Adeta şehrin canlı kalabilen tüm fertleri sokakta, alabildiğine çılgınca kutlama, şaşılacak kadar kalabalık araç konvoyları, çılgın korna sesleri, dans, müzik, silah sesleri, havai fişekler…
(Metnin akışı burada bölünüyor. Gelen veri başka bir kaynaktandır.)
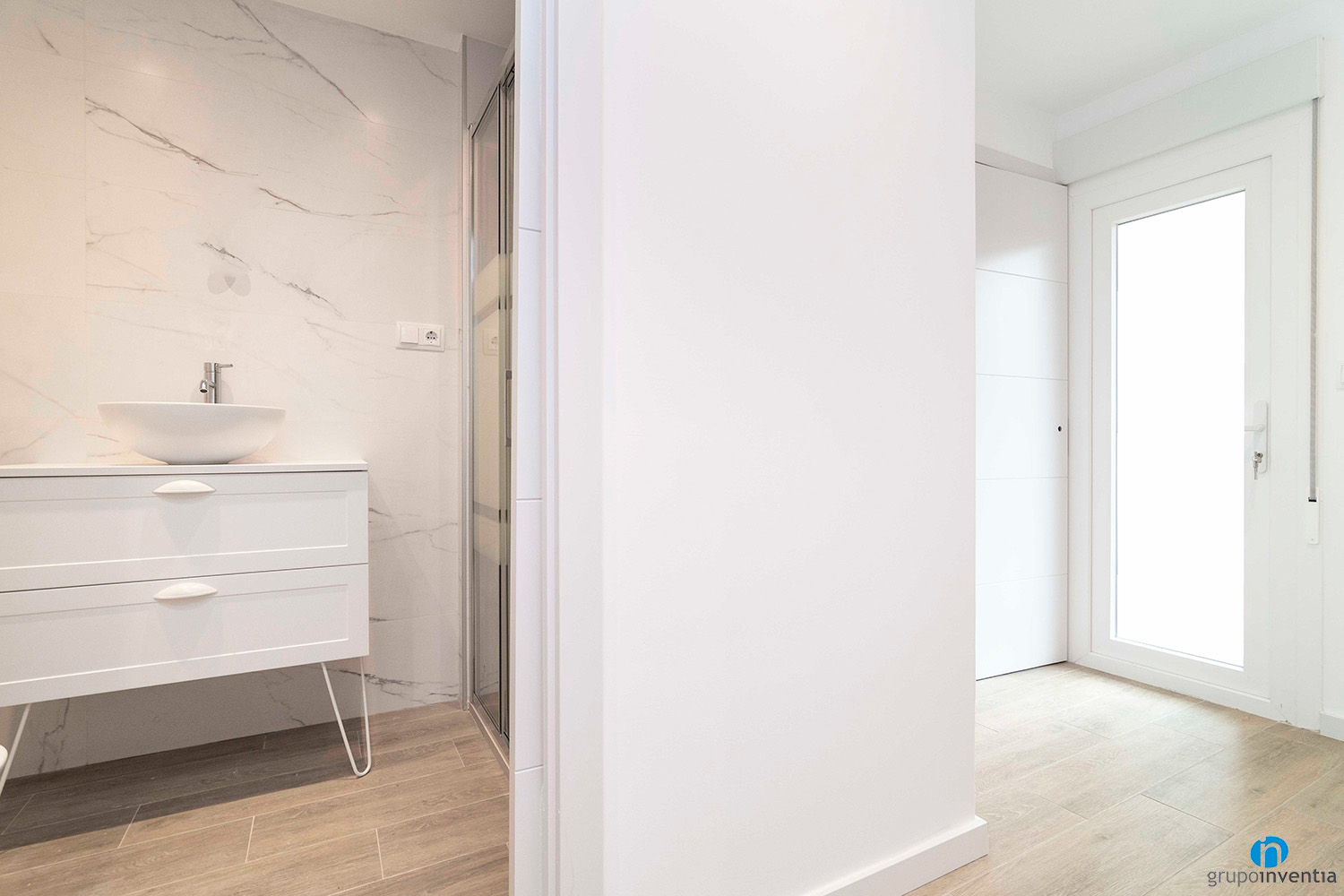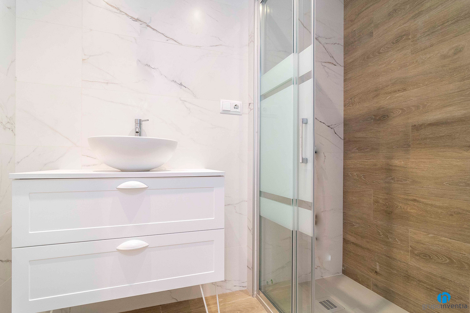 El cuarto de baño de esta planta baja también ha sido completamente reformado, apostando por una distribución práctica y funcional. Incluye un plato de ducha a ras de suelo con mampara de cristal, un mueble de lavabo con cajones de gran capacidad y un moderno lavamanos de sobre encimera. Todo ha sido pensado para ofrecer el máximo confort en el uso cotidiano.

Yaşasın “büyük zaferimiz”, yaşasın kahraman şehrimiz

BU ÇILGINLIK PSİKOLOJİNİN KONUSU
Hâlâ enkazı kaldırılamayan, yıkımı tamamlanamayan, hayalet görünümlü şehrin cadde, sokak ve meydanlarındaki bu sevinç çığlıkları, bu araba kornaları, bu mutluktan çıldırmış halk görüntüsünün tahlilini yapmak, benim gibi bu dehşet verici büyük felaketi yaşayan ve sonrasında olup biteni gözlemleyen herkesi de aşar kanaatindeyim.
Sanırım bu çılgınlık artık psikolojinin, pedagojinin, sosyolojinin konusu.

UMARIM MASUM RUHLAR RENCİDE OLMAMIŞTIR.
Umarım enkazdan çıkarılamayan gencecik insanların, çocukların, anne ve babaların ruhları rencide olmamıştır!
Umarım bu kapanmamış yaralar üstündeki büyük mutluluk, bu tarifsiz çılgınlık, kurtaramadığımız, yok olup giden on binlerce masum canın kemiklerini sızlatmamıştır.
Hani ne demiştik “Eğitim şart!” demiştik.
Yürekten inanarak yineliyorum, “Eğitim şart!”